In the early months and years of the Second World War thousands of young women decided to marry. The wedding was often planned in haste, with no white dress or finery, no posh reception and certainly no honeymoon. Some couples might have managed a ‘knees up’ with friends and family at the local pub or village hall, but many others would merely attend the register office with the barest minimum of guests to act as witnesses before the solder had to return to the front.

Newly-engaged couple Marcelle Lestrange and Harold Lackland Bevan examine an engagement ring in a jeweller’s shop in London. There is little choice, as restrictions precious metals such as gold and the lack of skilled staff to re-set rings means that couples like Marcelle and Harold must choose for the remainder of pre-war stock.

Statistics bear this out, with the increase in marriages for young men under the age of twenty increased by an enormous 77 percent, and even among those aged twenty to twenty-four the increase was almost 50 percent.

During the middle years of the war perhaps life was too unpredictable for couples to make any kind of lifelong commitment to each other, as between 1938 and 1940 the number of marriages fell. But then in the later war years – some as a result of the many British women falling for the American soldiers who arrived in Britain bringing wealth and charm – marriage rates were on the up again. The Americans brought with them delights that had never been seen – such as Coca Cola and nylon stockings, but also everyday foods that they had in plenty while British families were still struggling with rationing. Their average salaries were more than five times that paid to British soldiers, making them quite a catch. Around 70,000 British women became GI brides, and after the war the GI wives were offered a free passage by the US Army to start their new lives in America.

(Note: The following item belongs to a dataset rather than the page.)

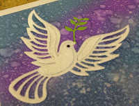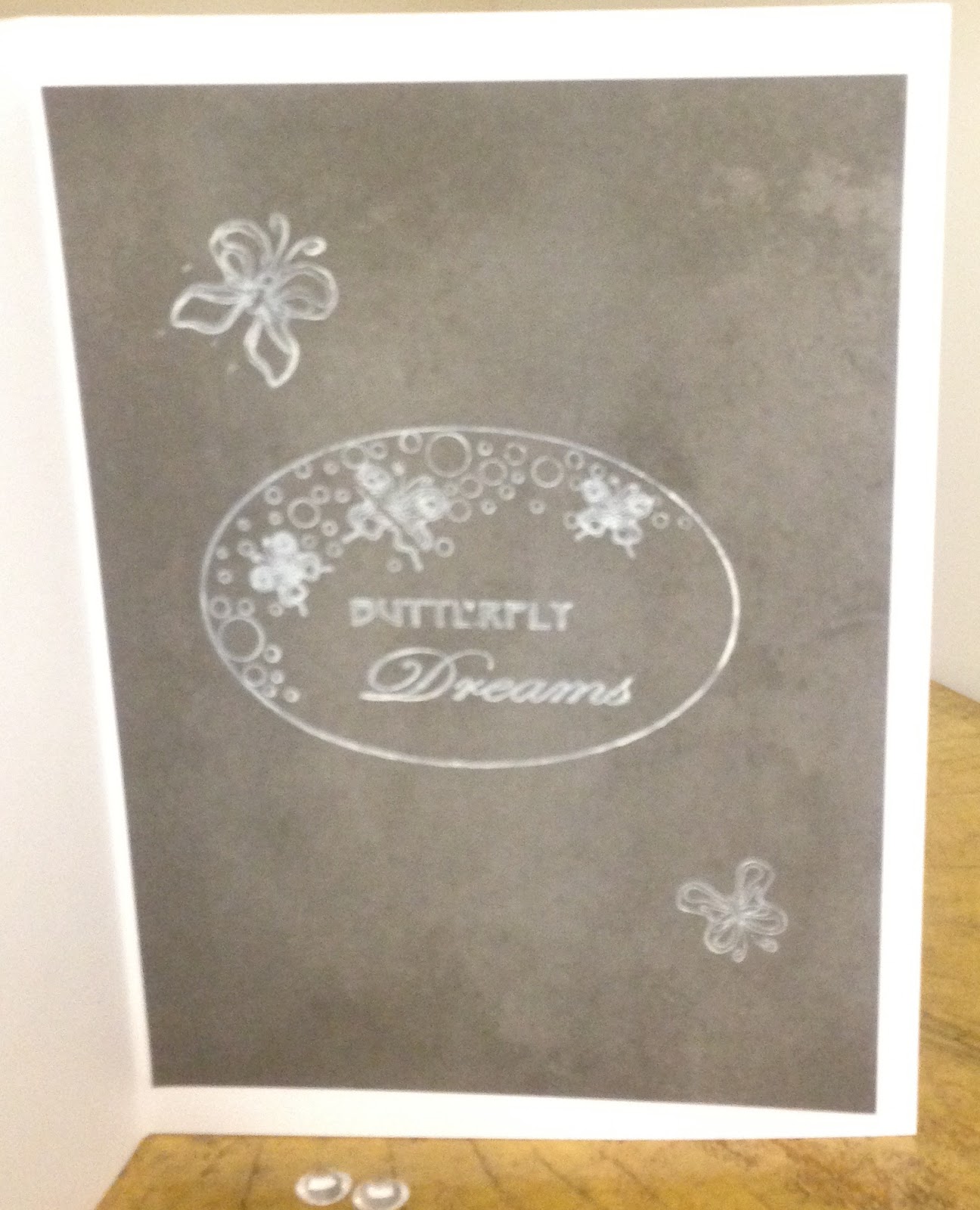 For the second card, a DL size, 20.5 x 10cms, I used a smoothie that already had blue ink on it and created a few clouds along the card and added the blue down the sides. A ribbon punch was used along the bottom edge and green satin ribbon was slotted through the openings and secured at the back

And then there were the British soldiers, sailors and airmen who were stationed in other parts of Europe, North Africa and Burma, who fell in love with a local girl, and married.,

Sadly, though, not all war-time marriages resulted in ‘happily ever after’. Some couples who had rushed into tying the knot clearly discovered that they were not as compatible as they hoped. And then there the wives who found it difficult to be alone for the six long years of war, turning to another for comfort, their adultery only to be discovered when their husband returned from the front. And so, while many war-time marriages were a wonderful success, others resulted in disappointment reflected in a significant rise in the divorce rate during the late 1940s.